→ **Exercise aim**: Please copy the lines below, exactly as they are, from the one with "Ich stelle mit" through the one with "Şekil 1. Hava Fotoğrafı", and leave out the pictures.

→ **Supplied material**:
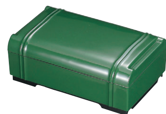
8-783-27 A竹型弁当 グリーン (仕切別) F-3-44 ¥2,000 (25×15.8×10) 幅40
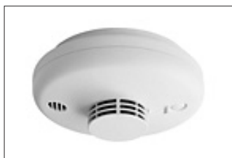
天井取付式警報器
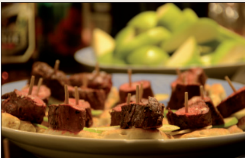
Ođđa gelddolaš herskot ráhkaduvvon bohccobierggus.
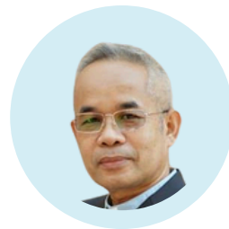
ศ.จ.ดร.สมเกียรติ วรรณศรี ศิษยาภิบาล
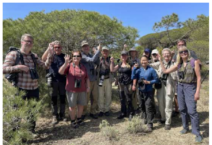
Alla glada efter att ha fått se Europas enda kameleontart
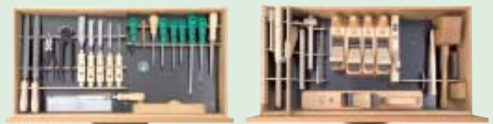
Das Werkzeugsortiment 304 – 37-teilig im Unterbausschrank 10-20
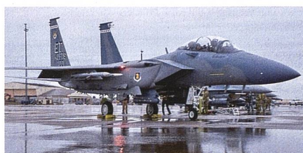
Indonesien will F-15EX beschaffen.

Indonesien hat mit Boeing eine Kaufabsichtserklärung über vierundzwanzig F-15EX Eagle unterzeichnet, die US-Regierung muss das Geschäft noch bewilligen. Für Boeing wäre es ein wichtiges Geschäft für die F-15 Eagle, diese wird seit fünfzig Jahren im ehemaligen McDonnell Douglas Werk St. Louis gebaut. Es wird davon ausgegangen, dass die Vereinigten Staaten von Amerika den Deal durchwinken werden, die US Defense Cooperation Security Agency hat bereits im Februar 2022 einem möglichen Foreign Military Sales
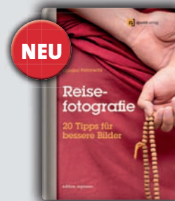
2012, 134 Seiten · € 16,95 (D) ISBN 978-3-86490-028-0
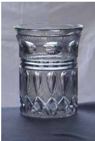
Kaliglas-Becher, 11 cm hoch, zylindrische Wandung, am oberen Rand ausgestellt, in mehreren Zonen geschliffen, der größere untere Teil mit Steinlung und lanzettförmigen Klarflächen, in der oberen Zone Kugelfries auf Senkrechtband.

Ich stelle mit meiner Sammelei auch ein Stück Vergangenheit wieder her, das Regal mit blauen Gläsern in der Küche, die guten Stücke im „Servan“ des Esszimmers.
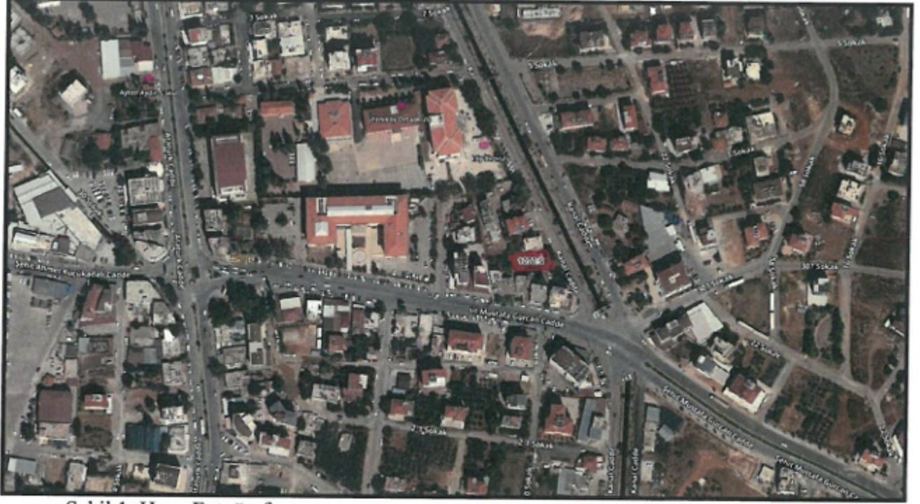
Şekil 1. Hava Fotoğrafı

Antalya İli Döşemealtı ilçesi sınırları içerisinde N25D-23D-1A nolu 1/1000 ölçekli uygulama imar planı paftasında yer almaktadır

→ **Response to this exercise**:
Ich stelle mit meiner Sammelei auch ein Stück Vergangenheit wieder her, das Regal mit blauen Gläsern in der Küche, die guten Stücke im „Servan“ des Esszimmers.
Şekil 1. Hava Fotoğrafı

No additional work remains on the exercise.